The Cerclage Cable with Hex Button device is indicated for use where wire, cable, or band cerclage is used in combination with plates. The Cerclage Cable with Hex Button device is intended for long bone fractures and is to be used with commercially available bone screws of the same general material type as the plate.

Device Description

The Cerclage with Hex Button is a cerclage cable and a button device that links the cable and bone screw together . The button is positioned in the hex of a bone screw. The cerclage cable is passed through the button and around the bone. The cerclage is crimped to lock the cable in place.

AI/ML Overview

Here's an analysis of the provided text regarding the acceptance criteria and study for the Cerclage Cable with Hex Button.
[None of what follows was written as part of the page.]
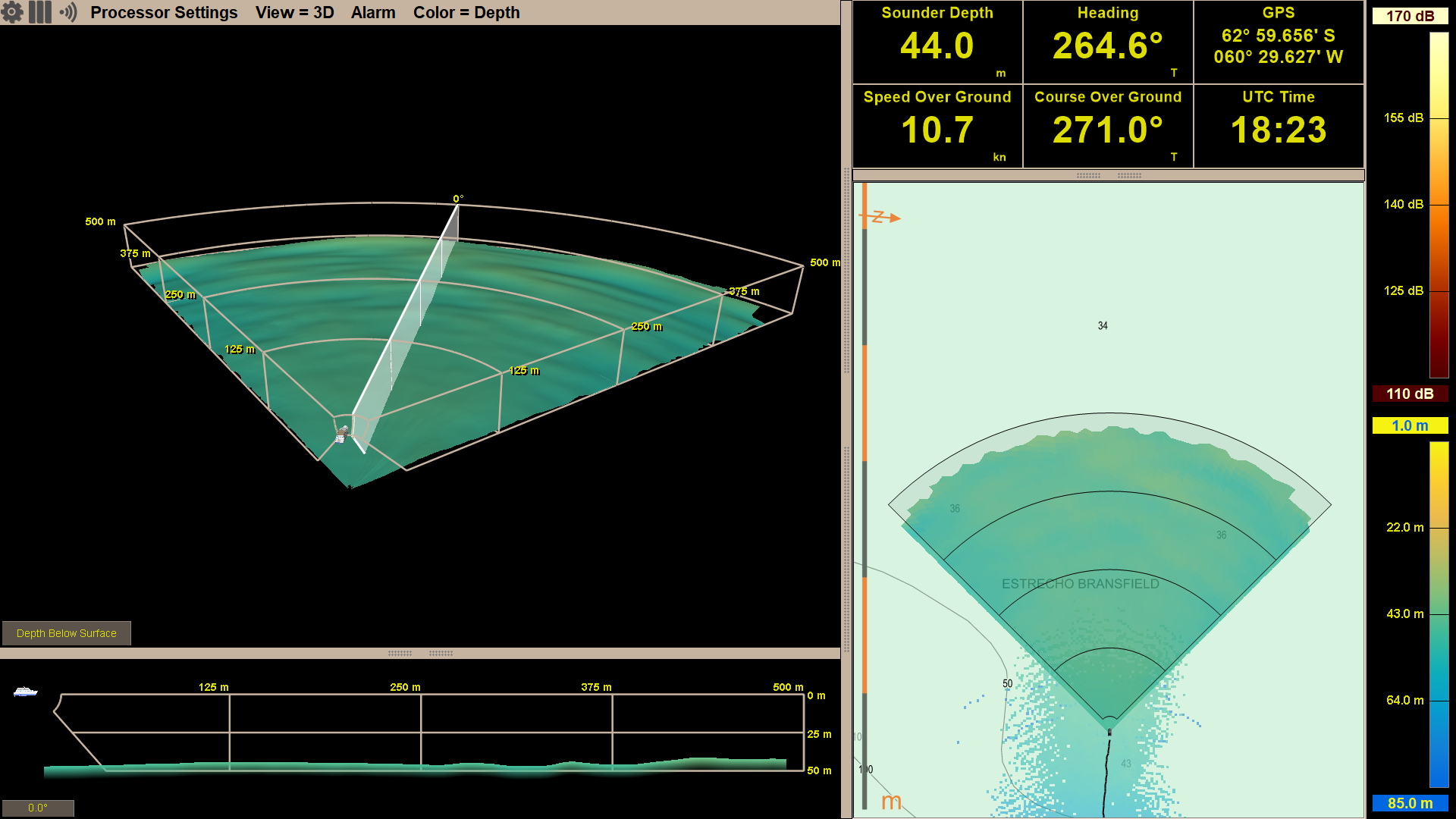 Argos sonars are designed for obstacle avoidance and as such, their energy is focused on the upper regions of the water column. FarSounder has designed these systems so that the signal is strong enough that in normal conditions a bottom mapping range of 8x the depth is obtained when the depth is less than 50 meters.

Important Note: The provided text is a 510(k) summary for a medical device. These summaries often focus on demonstrating equivalence to existing devices rather than exhaustive performance studies on novel devices. Therefore, some of the requested information (like detailed AI-specific studies, multi-reader multi-case studies, or specific training set details) is unlikely to be present as this is a mechanical medical device, not an AI/software device.

Acceptance Criteria and Reported Device Performance

The provided 510(k) summary focuses on demonstrating substantial equivalence to predicate devices based on static yield loading values. The core acceptance criterion is that the new device's performance in this metric is equivalent to or better than the predicate devices.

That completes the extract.